- [YOUR INSTRUCTIONS]: From the line holding "第二层是数据库层。在硬件服务" through the line holding "随后,展览策展人钱茜,向现场" below, write out every line exactly; include both of those lines and drop the pictures.

- [PROVIDED RECORDS]:
---+---

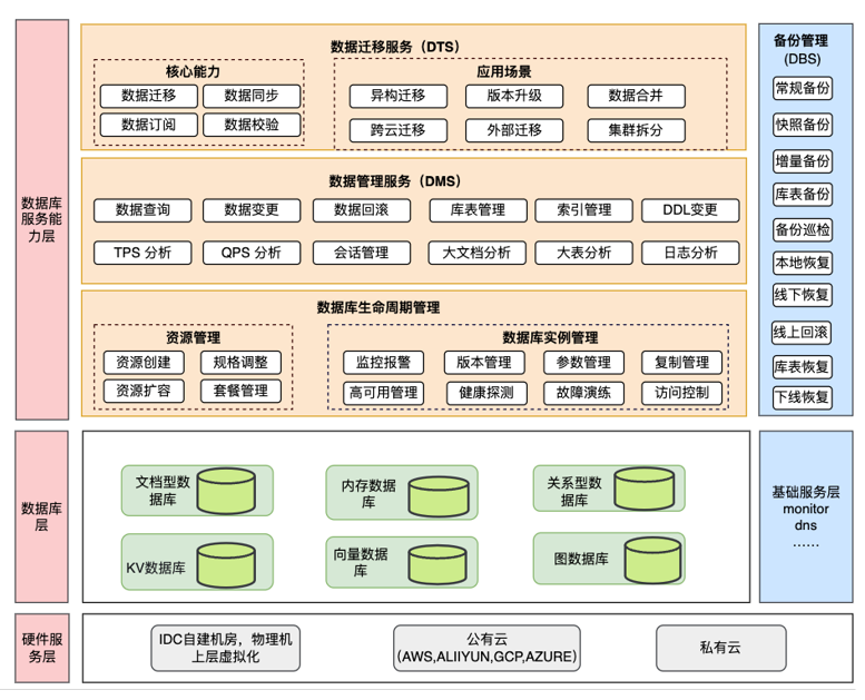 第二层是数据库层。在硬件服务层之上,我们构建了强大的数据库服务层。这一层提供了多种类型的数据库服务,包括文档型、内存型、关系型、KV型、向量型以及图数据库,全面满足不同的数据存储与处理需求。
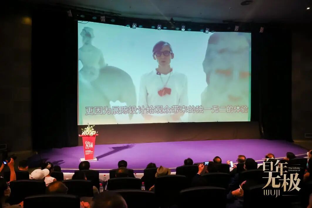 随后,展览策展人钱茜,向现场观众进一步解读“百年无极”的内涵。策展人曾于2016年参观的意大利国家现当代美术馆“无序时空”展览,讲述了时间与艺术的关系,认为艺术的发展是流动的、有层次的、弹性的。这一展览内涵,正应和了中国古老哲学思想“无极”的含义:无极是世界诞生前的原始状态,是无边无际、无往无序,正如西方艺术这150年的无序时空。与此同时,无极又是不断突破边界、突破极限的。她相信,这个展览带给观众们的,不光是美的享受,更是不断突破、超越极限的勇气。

---+---

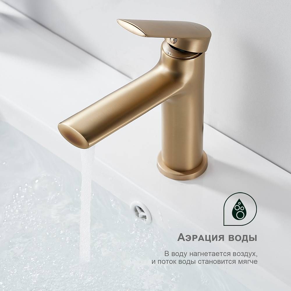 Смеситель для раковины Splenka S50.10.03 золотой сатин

---+---

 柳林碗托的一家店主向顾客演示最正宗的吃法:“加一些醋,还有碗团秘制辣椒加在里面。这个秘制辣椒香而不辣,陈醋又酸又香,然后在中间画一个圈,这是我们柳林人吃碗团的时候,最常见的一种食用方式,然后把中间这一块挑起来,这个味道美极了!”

---+---

- [SOLVED PROBLEM]:
 第二层是数据库层。在硬件服务层之上,我们构建了强大的数据库服务层。这一层提供了多种类型的数据库服务,包括文档型、内存型、关系型、KV型、向量型以及图数据库,全面满足不同的数据存储与处理需求。
 随后,展览策展人钱茜,向现场观众进一步解读“百年无极”的内涵。策展人曾于2016年参观的意大利国家现当代美术馆“无序时空”展览,讲述了时间与艺术的关系,认为艺术的发展是流动的、有层次的、弹性的。这一展览内涵,正应和了中国古老哲学思想“无极”的含义:无极是世界诞生前的原始状态,是无边无际、无往无序,正如西方艺术这150年的无序时空。与此同时,无极又是不断突破边界、突破极限的。她相信,这个展览带给观众们的,不光是美的享受,更是不断突破、超越极限的勇气。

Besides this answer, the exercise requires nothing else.